4In 2003, the United Nations Commission on Human Rights proposed that transnational corporations “shall recognize and respect applicable norms of international law, national laws and regulations, as well as administrative practices, the rule of law, the public interest, development objectives, social, economic and cultural policies including transparency, accountability of corruption, and authority of the countries in which the enterprises operate.” [2] The International Organization of Employers and the International Chamber of Commerce opposed this, on the grounds that respect for human rights is the responsibility of states alone.

5The UN appointed a special rapporteur on the issue, but their work produced only non-binding guidelines. The International Chamber of Commerce believes rules of conduct alone are enough to combat extortion and corruption, and that further constraints are unnecessary.

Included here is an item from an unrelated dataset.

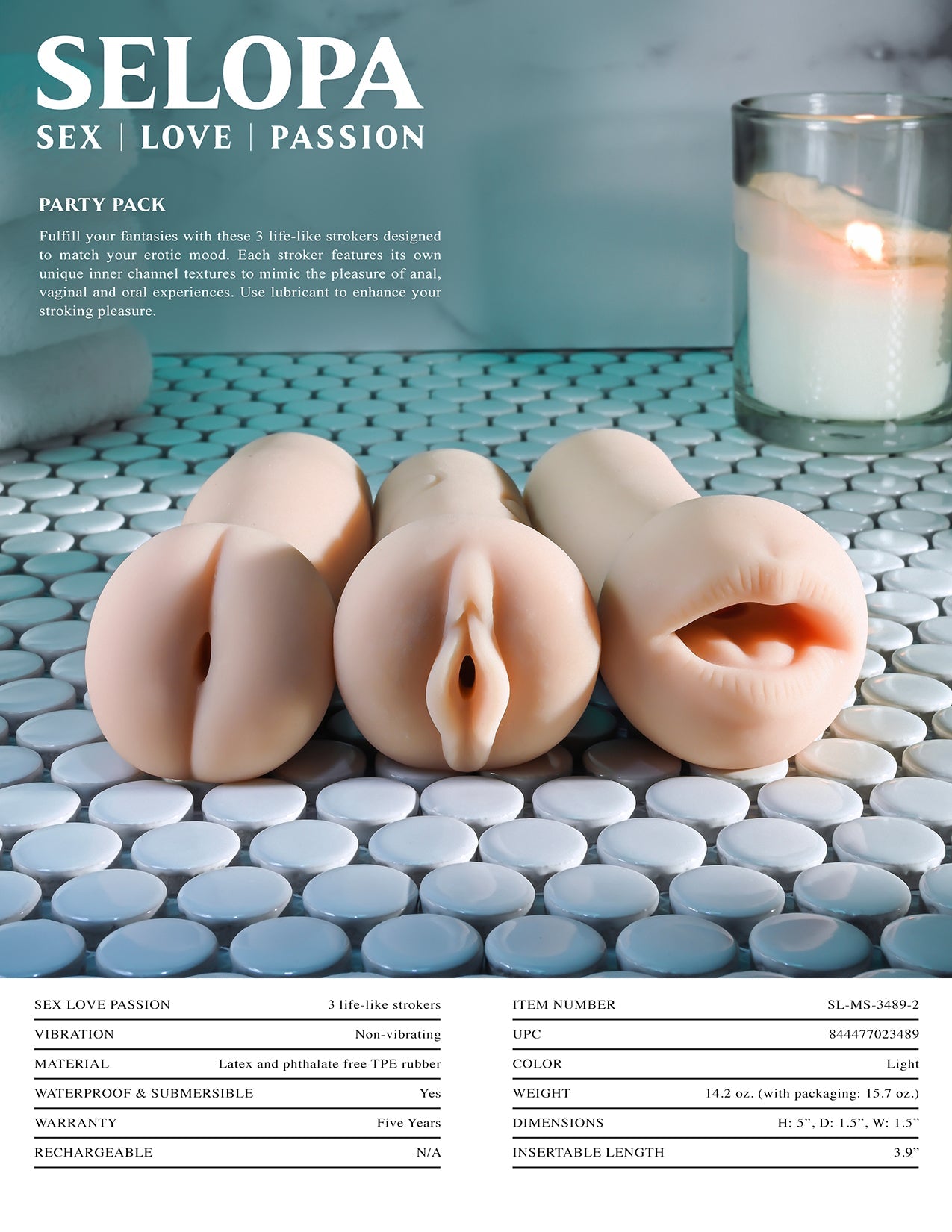 With three distinct choices, the Selopa Party Pack ensures a variety of experiences that keep every moment exciting. Irrespective of your mood, switch easily between strokers to match your fantasy. Remember, adding lubricant elevates the pleasure further, creating a smooth, gliding experience that feels just right.

6Of course, most of the world’s five hundred largest corporations have adopted anti-corruption programs or measures. [3] In the absence of any external checks, however, these measures may amount to nothing more than publicity campaigns.

7French power and transportation multinational Alstom is a good example of the gap between the image a company projects and its actual practices. It adopted a code of ethics in 2001, and in 2009 was the first CAC 40 company [4] to have its integrity program certified (by ETHIC Intelligence). However, the United States Department of Justice learned that foreign public officials were being bribed by the company up until 2011, with management approving consultants hired for just this purpose. In 2014, an American judge sentenced Alstom to pay $772 million after it pleaded guilty to these charges. Other lawsuits are pending in the United Kingdom.

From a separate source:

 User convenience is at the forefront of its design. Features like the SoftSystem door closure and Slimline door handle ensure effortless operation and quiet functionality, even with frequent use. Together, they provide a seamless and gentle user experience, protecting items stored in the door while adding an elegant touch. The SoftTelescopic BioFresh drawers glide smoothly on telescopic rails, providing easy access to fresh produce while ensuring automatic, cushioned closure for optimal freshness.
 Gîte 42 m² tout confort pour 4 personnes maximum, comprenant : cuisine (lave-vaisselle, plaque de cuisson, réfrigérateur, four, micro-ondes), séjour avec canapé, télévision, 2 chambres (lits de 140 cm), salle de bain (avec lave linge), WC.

8Many other groups have drawn up ethical charters, which are applied in a very uneven way. Enron’s motto, after all, was “Integrity and Excellence,” with its code of ethics sixty-two pages long. Yet the company established 881 overseas companies, 692 of them in the Cayman Islands, which enabled it to avoid paying taxes all the way up to the point when it declared bankruptcy.

9Information on companies’ standards compliance is becoming increasingly difficult to access. The recent European Trade Secrets Directive illustrates this: information that “has commercial value because it is secret” or “has been subject to reasonable steps to keep it secret” is protected. The text does waive punishment when revealing such facts is justified due to “exercising the right to freedom of expression and information,” or is “for the purpose of protecting the general public interest,” or “protecting a legitimate interest recognized by Union or national law.” [5] But these justifications must be given case by case. Journalists and whistle-blowers will remain the defendants in such cases—an uncomfortable position, to say the least.

Rethinking responsibility

10While there is at present no international mechanism to punish human rights abuses by multinationals, this situation could change. In France, the National Consultative Commission on Human Rights issued a major report on corporate responsibility in September 2008. The report emphasized that such responsibility was particularly important because companies, as legal persons, themselves enjoy the protection of the European Convention on Human Rights. Meanwhile, on October 22, 2014, the European Union adopted a Non-Financial Reporting Directive. [6] At the United Nations, Ecuador led a group of governments demanding a genuinely binding treaty to protect human rights from corporate abuses. In 2013, more than 250 organizations formed the Treaty Alliance to support these efforts.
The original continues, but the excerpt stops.